I can send a follow up patch to fix that if you still want it]
(3) Change the pipe buffer ring to be managed in terms of unbounded head
and tail indices rather than bounded index and length. This means
that reading the pipe only needs to modify one index, not two.
(4) A selection of helper functions are provided to query the state of the
pipe buffer, plus a couple to apply updates to the pipe indices.
(5) The pipe ring is allowed to have kernel-reserved slots. This allows
many notification messages to be spliced in by the kernel without
allowing userspace to pin too many pages if it writes to the same
pipe.
(6) Advance the head and tail indices inside the pipe waitqueue lock and
use step 2 to poke poll without having to take the lock twice.
(7) Rearrange pipe_write() to preallocate the buffer it is going to write
into and then drop the spinlock.
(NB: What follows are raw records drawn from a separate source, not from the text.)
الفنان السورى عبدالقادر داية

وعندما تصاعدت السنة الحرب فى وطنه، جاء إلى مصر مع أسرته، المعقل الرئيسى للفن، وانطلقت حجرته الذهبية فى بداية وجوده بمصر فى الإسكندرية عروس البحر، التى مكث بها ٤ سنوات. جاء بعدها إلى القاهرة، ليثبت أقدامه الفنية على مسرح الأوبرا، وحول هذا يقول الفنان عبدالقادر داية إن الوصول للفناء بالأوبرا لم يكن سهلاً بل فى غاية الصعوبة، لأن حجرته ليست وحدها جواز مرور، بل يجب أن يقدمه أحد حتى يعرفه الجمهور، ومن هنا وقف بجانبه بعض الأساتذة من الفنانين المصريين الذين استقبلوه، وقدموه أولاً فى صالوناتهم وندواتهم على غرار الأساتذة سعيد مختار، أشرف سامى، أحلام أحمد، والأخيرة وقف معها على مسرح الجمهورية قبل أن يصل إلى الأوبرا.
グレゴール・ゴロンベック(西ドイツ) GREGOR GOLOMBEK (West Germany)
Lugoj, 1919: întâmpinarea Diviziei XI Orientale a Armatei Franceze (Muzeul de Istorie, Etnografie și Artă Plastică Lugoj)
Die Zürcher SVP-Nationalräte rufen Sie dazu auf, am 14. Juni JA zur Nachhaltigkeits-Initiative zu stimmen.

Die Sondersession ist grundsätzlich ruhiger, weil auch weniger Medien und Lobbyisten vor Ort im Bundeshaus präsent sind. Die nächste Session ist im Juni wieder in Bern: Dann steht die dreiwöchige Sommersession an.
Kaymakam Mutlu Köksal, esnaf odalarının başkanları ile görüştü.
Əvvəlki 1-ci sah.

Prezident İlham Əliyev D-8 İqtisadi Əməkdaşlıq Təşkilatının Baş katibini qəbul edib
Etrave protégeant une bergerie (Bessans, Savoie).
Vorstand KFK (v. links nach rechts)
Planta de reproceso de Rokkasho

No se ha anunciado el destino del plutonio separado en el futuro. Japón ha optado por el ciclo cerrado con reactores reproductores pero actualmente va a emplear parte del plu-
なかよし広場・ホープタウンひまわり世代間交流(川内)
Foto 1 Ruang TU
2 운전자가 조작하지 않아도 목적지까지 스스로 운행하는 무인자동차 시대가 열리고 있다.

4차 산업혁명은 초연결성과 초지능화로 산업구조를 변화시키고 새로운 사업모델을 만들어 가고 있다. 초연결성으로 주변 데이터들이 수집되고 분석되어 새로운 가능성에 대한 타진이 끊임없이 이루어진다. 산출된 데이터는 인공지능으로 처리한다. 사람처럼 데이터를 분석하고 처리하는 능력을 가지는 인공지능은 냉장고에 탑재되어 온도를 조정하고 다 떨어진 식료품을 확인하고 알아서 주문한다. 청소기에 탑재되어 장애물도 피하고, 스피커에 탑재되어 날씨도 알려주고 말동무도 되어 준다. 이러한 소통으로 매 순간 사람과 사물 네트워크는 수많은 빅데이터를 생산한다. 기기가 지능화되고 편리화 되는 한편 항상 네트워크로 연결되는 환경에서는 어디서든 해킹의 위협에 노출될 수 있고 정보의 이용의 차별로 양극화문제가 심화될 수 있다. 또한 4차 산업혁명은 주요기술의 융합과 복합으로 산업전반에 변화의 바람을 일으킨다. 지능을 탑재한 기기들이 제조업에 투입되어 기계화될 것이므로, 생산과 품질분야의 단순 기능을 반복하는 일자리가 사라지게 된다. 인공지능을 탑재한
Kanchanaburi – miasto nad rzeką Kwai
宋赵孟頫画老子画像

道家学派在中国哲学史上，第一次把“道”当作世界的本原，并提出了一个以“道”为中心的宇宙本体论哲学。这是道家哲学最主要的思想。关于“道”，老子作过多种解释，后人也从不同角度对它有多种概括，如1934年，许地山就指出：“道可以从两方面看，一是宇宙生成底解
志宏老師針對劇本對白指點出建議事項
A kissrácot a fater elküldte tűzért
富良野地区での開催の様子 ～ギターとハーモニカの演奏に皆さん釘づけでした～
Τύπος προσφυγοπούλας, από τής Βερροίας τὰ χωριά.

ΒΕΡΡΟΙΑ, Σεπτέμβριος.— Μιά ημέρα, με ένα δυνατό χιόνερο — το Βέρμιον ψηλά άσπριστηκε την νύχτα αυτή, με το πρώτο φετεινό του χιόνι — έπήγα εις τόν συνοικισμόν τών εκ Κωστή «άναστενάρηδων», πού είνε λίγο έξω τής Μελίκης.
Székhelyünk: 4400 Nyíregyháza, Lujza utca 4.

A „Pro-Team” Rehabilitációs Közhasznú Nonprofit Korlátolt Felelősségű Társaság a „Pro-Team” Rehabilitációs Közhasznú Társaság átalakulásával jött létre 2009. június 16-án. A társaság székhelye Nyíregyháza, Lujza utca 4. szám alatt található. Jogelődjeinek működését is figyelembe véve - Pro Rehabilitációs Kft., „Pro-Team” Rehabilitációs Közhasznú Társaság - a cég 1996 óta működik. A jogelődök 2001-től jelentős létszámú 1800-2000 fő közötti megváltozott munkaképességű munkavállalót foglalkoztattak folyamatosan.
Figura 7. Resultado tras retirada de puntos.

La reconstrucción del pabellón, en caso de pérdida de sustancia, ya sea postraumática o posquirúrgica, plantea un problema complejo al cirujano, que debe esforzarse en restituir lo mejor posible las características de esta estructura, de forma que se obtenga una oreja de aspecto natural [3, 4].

This allows kernel notifications to
then be added the ring whilst it is filling the buffer it allocated.
The read side is stalled because the pipe mutex is still held.
(8) Don't wake up readers on a pipe if there was already data in it when
we added more.
(9) Don't wake up writers on a pipe if the ring wasn't full before we
removed a buffer.
PATCHES BENCHMARK BEST TOTAL BYTES AVG BYTES STDDEV
======= =============== =============== =============== =============== ===============
- pipe 307457969 36348556755 302904639 10622403
- splice 287117614 26933658717 224447155 160777958
- vmsplice 435180375 51302964090 427524700 19083037
rm-nrx pipe 311091179 37093181356 309109844 7221622
rm-nrx splice 285628049 27916298942 232635824 158296431
rm-nrx vmsplice 417703153 47570362546 396419687 33960822
wakesl pipe 310698731 36772541631 306437846 8249347
wakesl splice 286193726 28600435451 238336962 141169318
wakesl vmsplice 436175803 50723895824 422699131 40724240
ht pipe 305534565 36426079543 303550662 5673885
ht splice 243632025 23319439010 194328658 150479853
ht vmsplice 432825176 49101781001 409181508 44102509
k-rsv pipe 308691523 36652267561 305435563 12972559
k-rsv splice 244793528 23625172865 196876440 125319143
k-rsv vmsplice 436119082 49460808579 412173404 55547525
r-adv-t pipe 310094218 36860182219 307168185 8081101
r-adv-t splice 285527382 27085052687 225708772 206918887
r-adv-t vmsplice 336885948 40128756927 334406307 5895935
r-cond pipe 308727804 36635828180 305298568 9976806
r-cond splice 284467568 28445793054 237048275 200284329
r-cond vmsplice 449679489 51134833848 426123615 66790875
w-preal pipe 307416578 36662086426 305517386 6216663
w-preal splice 282655051 28455249109 237127075 194154549
w-preal vmsplice 437002601 47832160621 398601338 96513019
w-redun pipe 307279630 36329750422 302747920 8913567
w-redun splice 284324488 27327152734 227726272 219735663
w-redun vmsplice 451141971 51485257719 429043814 51388217
w-ckful pipe 305055247 36374947350 303124561 5400728
w-ckful splice 281575308 26841554544 223679621 215942886
w-ckful vmsplice 436653588 47564907110 396374225 82255342
The patches column indicates the point in the patchset at which the benchmarks
were taken:
0 No patches
rm-nrx "Remove the nr_exclusive argument from __wake_up_sync_key()"
wakesl "Add wake_up_interruptible_sync_poll_locked()"
ht "pipe: Use head and tail pointers for the ring, not cursor and length"
k-rsv "pipe: Allow pipes to have kernel-reserved slots"
r-adv-t "pipe: Advance tail pointer inside of wait spinlock in pipe_read()"
r-cond "pipe: Conditionalise wakeup in pipe_read()"
w-preal "pipe: Rearrange sequence in pipe_write() to preallocate slot"
w-redun "pipe: Remove redundant wakeup from pipe_write()"
w-ckful "pipe: Check for ring full inside of the spinlock in pipe_write()"
Changes:
(*) Fix some bugs spotted by kbuild.
ver #3:
(*) Get rid of pipe_commit_{read,write}.
(*) Port the virtio_console driver.
(*) Fix pipe_zero().
(*) Amend some comments.
(*) Added an additional patch that changes the threshold at which readers
wake writers for Konstantin Khlebnikov.
ver #2:
(*) Split the notification patches out into a separate branch.
(*) Removed the nr_exclusive parameter from __wake_up_sync_key().
(*) Renamed the locked wakeup function.
(*) Add helpers for empty, full, occupancy.
(*) Split the addition of ->max_usage out into its own patch.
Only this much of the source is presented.